EXERCISE DATA:
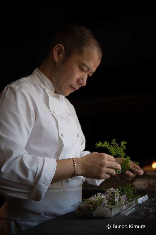 1977年生まれ、北海道出身。2000年に渡仏し、「アストランス」「ピエール・ガニエール」やスペインの「ムガリッツ」など海外の星付きレストランで腕を磨き、2009年パリ2区で「Passage 53」をオープン。2011年に日本人シェフとして初めて二つ星獲得、以降8年連続二つ星を獲得し続け、2019年新たな挑戦の為に閉店。
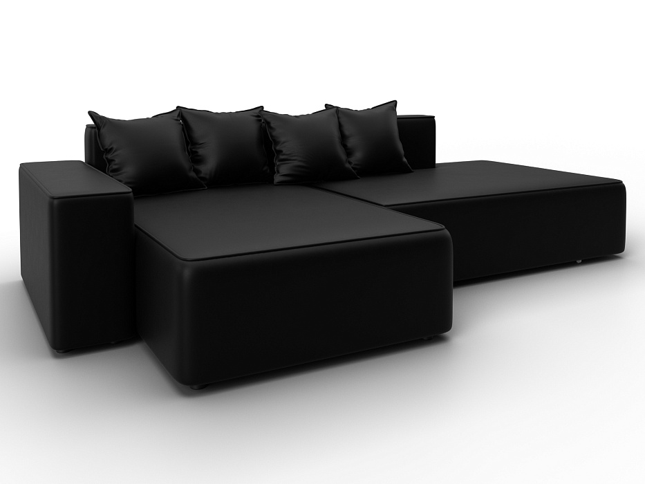 Диван угловой Лига-079 угол левый Черный, Экокожа
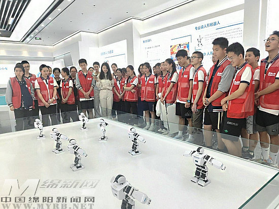 師生們?cè)诰d陽科技城新區(qū)機(jī)器人創(chuàng)新館參觀
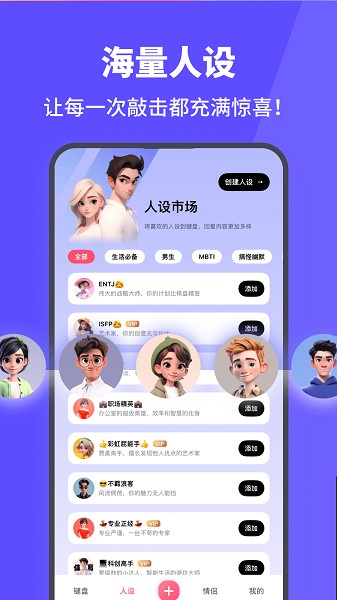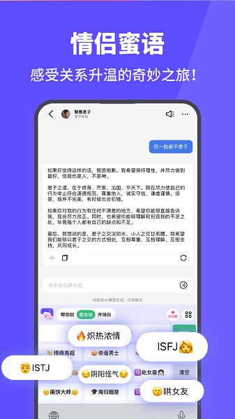 丰富人设任您选!预设多种特色人设,如甜蜜情侣、知心好友、职场达人等,满足您不同人设的交流需求,让交流不再尴尬。
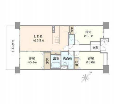 | 間取り | 3DK (DK8.1/洋室4.8/洋室6/洋室5.1) | ||||
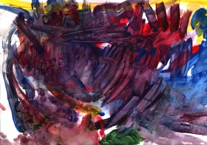 So where the gift begins is a day of painting on the kitchen table. Alexis, Josiah, Isaiah and Caleb were painting pictures with tempera paint at our kitchen table. My wife often would allow them to paint and do other crafts. Caleb loved to do whatever his older siblings were doing and painting was one of his favorites. Anything messy actually. Though I was not there at the time because I was at work, my wife would relay the story to me weeks later after she was looking at the paintings on the freezer in our kitchen. After Caleb passed away, my wife approached the paintings because she knew Caleb painted one of them that day. The problem is even though Caleb had his very own painting he was working on in the color red, Isaiah our four year old son had painted over a lot of Caleb’s work but not all of it. As my wife studied the painting reflecting on that day, her eyes were drawn to a small set of foot prints on the left side of the painting. Could they be Caleb’s?
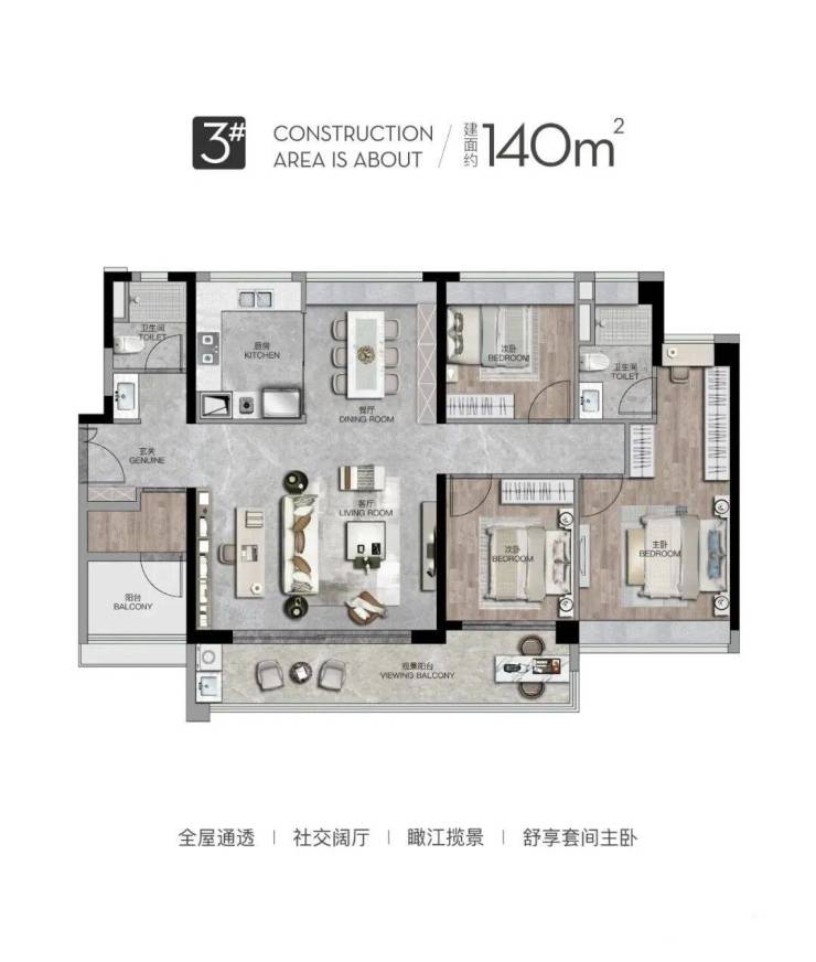 如此硬核的指标,注定项目在户型设计上,可以实现户户朝南、户户瞰江、采光通风最大化,将舒适度拉到满格。
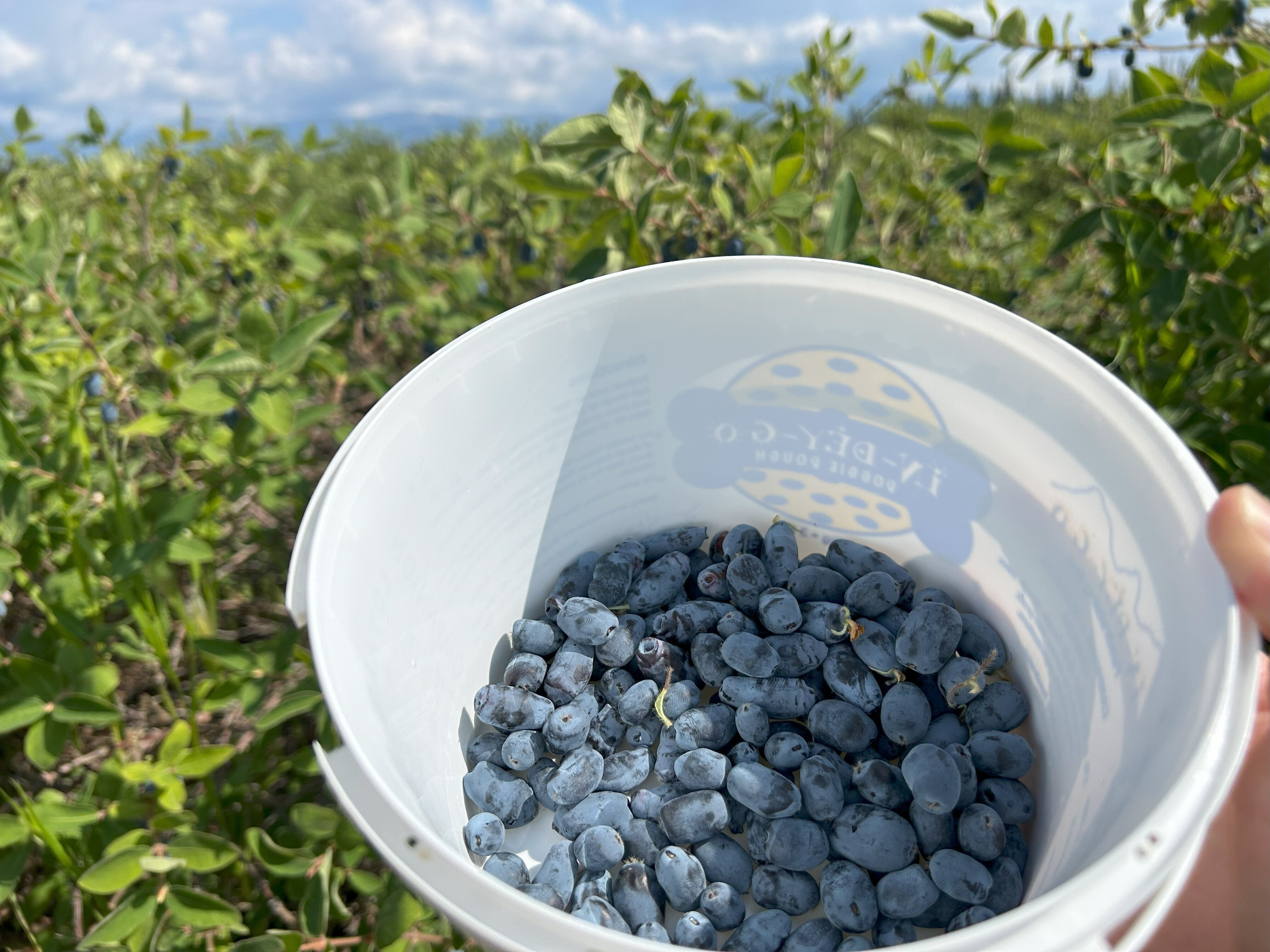 今回、特別に、ユーコンワインズの農場にお邪魔して収穫させてもらいました!!採れたてのハスカップは、想像していたより、酸っぱくなく、まろやかな甘みがありとても美味しかったです。潰れると、すぐに手が真っ赤になってしまいます。アントシアニンがたっぷり含まれている証拠ですね!

REQUIRED WORK: Without the pictures, set down the lines above from the line with "師生們?cè)诰d陽科技城新區(qū)機(jī)器人創(chuàng)新館參觀" up to and including the line with "(DK8.1/洋室4.8/洋室6/洋室5.1) | ||||" exactly as they stand.

REPLY TO THE EXERCISE:
 師生們?cè)诰d陽科技城新區(qū)機(jī)器人創(chuàng)新館參觀
 丰富人设任您选!预设多种特色人设,如甜蜜情侣、知心好友、职场达人等,满足您不同人设的交流需求,让交流不再尴尬。
 | 間取り | 3DK (DK8.1/洋室4.8/洋室6/洋室5.1) | ||||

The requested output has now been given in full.